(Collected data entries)
[Start of section]

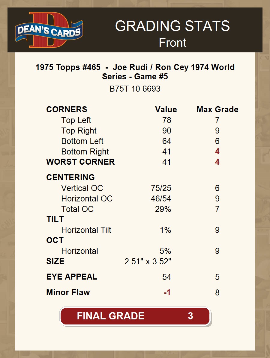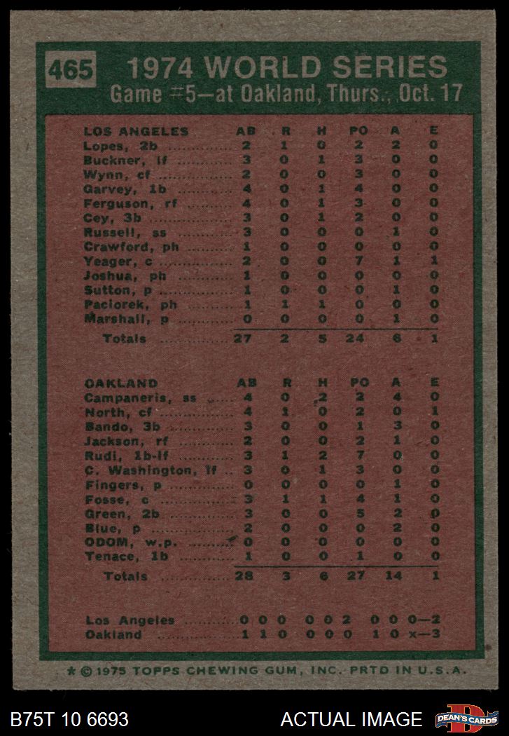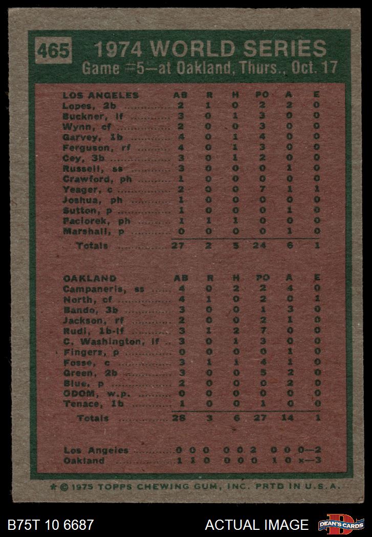 1975 Topps #465 - Joe Rudi / Ron Cey 1974 World Series - Game #5 3 - VG
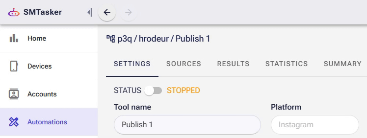 Now head over to the Automations page. Find Publish in your tools list and click on it. You’ll land on the SETTINGS tab.
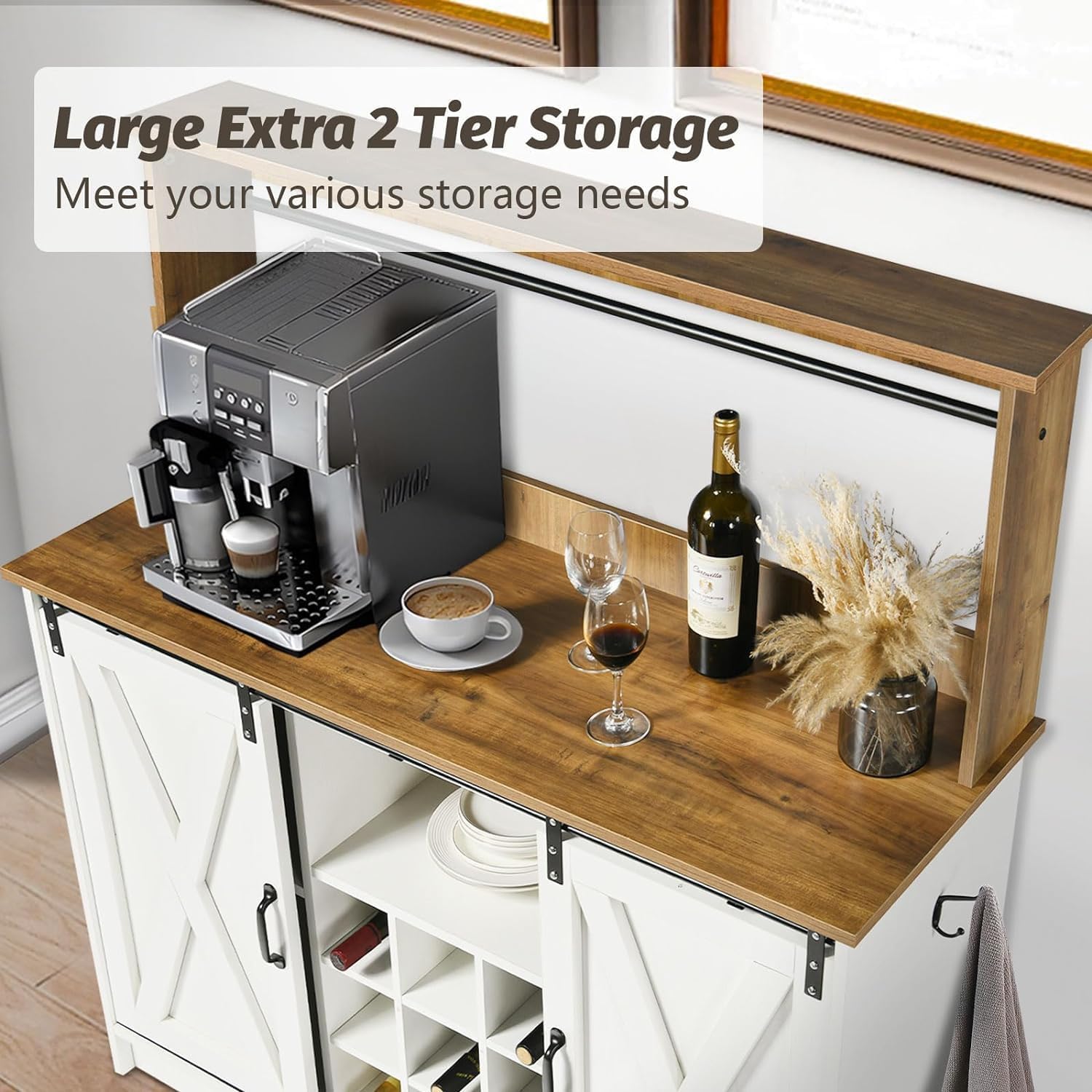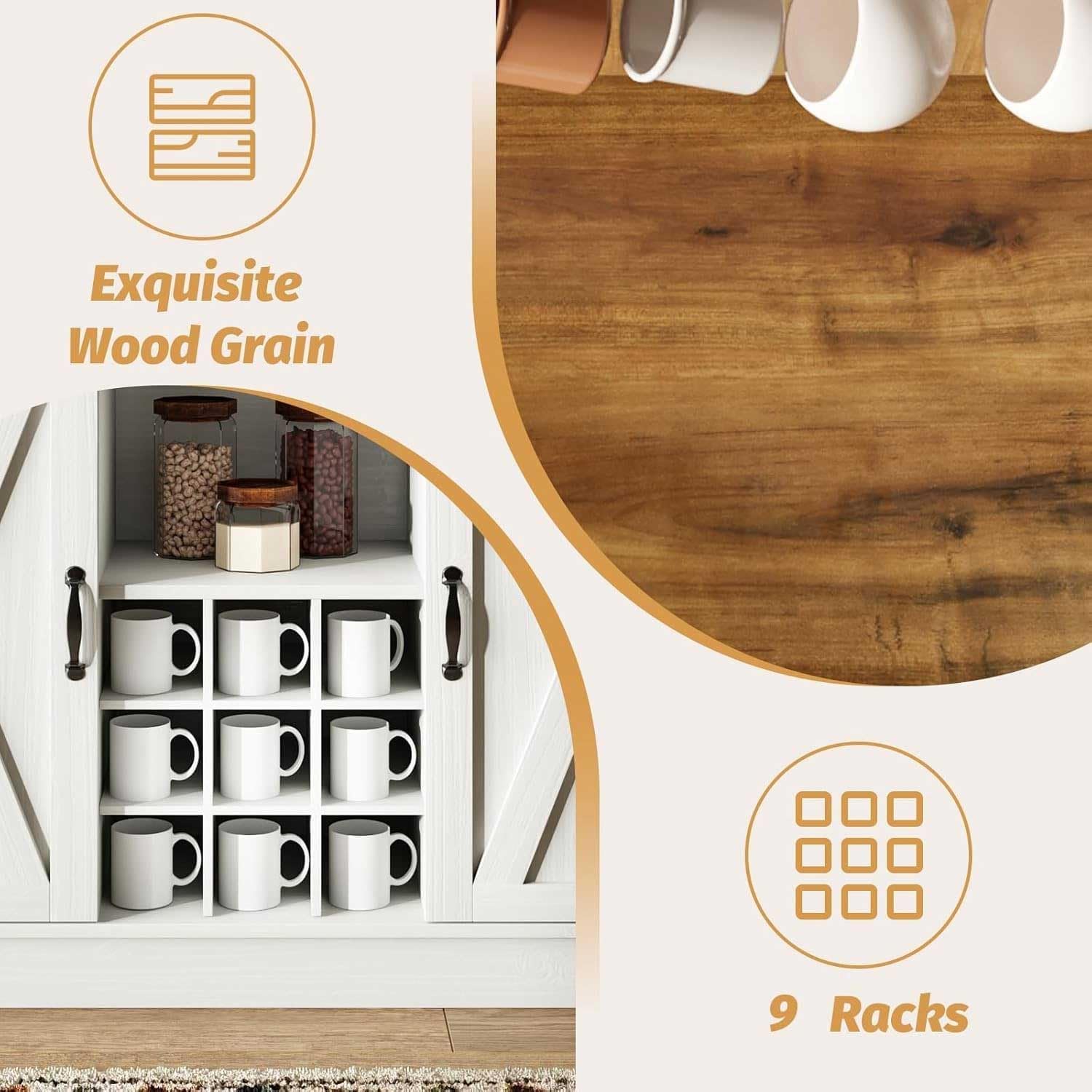 - FARMHOUSE WITH CLASSIC COFFEE BAR: The coffee bar with X design sliding barn door is easy to pull left and right, its design is classic and uncluttered. The coffee bar cabinets feature a white and yellow wood-grain color scheme for a farmhouse modern look
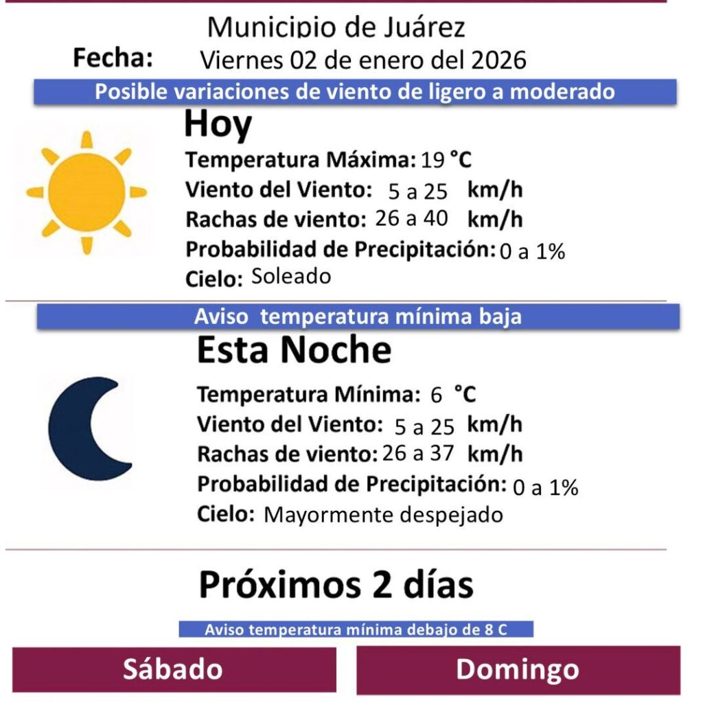 Jueves 2 de Enero del 2025.- La Dirección General de Protección Civil del Municipio de Juárez informó el pronóstico meteorológico para este viernes 2 de enero de 2026, en el que se prevén condiciones mayormente estables, aunque con aviso por temperaturas mínimas bajas durante la noche y madrugada. Para este día se espera una temperatura máxima de 19 grados centígrados,…
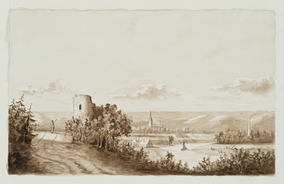 - Description: From the top of a road the artist looks down over a river valley. On the bank of the winding river a church can be seen in the middle of a small village. In the wooded area behind some pastures, a smoking industrial chimney stands out. In the foreground, the romantic motif of an overgrown ruined tower enlivens the picture.

[End of section]

Task description. The pictures in the entries above should be left out; all else must be copied exactly.

Your response.
 1975 Topps #465 - Joe Rudi / Ron Cey 1974 World Series - Game #5 3 - VG
 Now head over to the Automations page. Find Publish in your tools list and click on it. You’ll land on the SETTINGS tab.
 - FARMHOUSE WITH CLASSIC COFFEE BAR: The coffee bar with X design sliding barn door is easy to pull left and right, its design is classic and uncluttered. The coffee bar cabinets feature a white and yellow wood-grain color scheme for a farmhouse modern look
 Jueves 2 de Enero del 2025.- La Dirección General de Protección Civil del Municipio de Juárez informó el pronóstico meteorológico para este viernes 2 de enero de 2026, en el que se prevén condiciones mayormente estables, aunque con aviso por temperaturas mínimas bajas durante la noche y madrugada. Para este día se espera una temperatura máxima de 19 grados centígrados,…
 - Description: From the top of a road the artist looks down over a river valley. On the bank of the winding river a church can be seen in the middle of a small village. In the wooded area behind some pastures, a smoking industrial chimney stands out. In the foreground, the romantic motif of an overgrown ruined tower enlivens the picture.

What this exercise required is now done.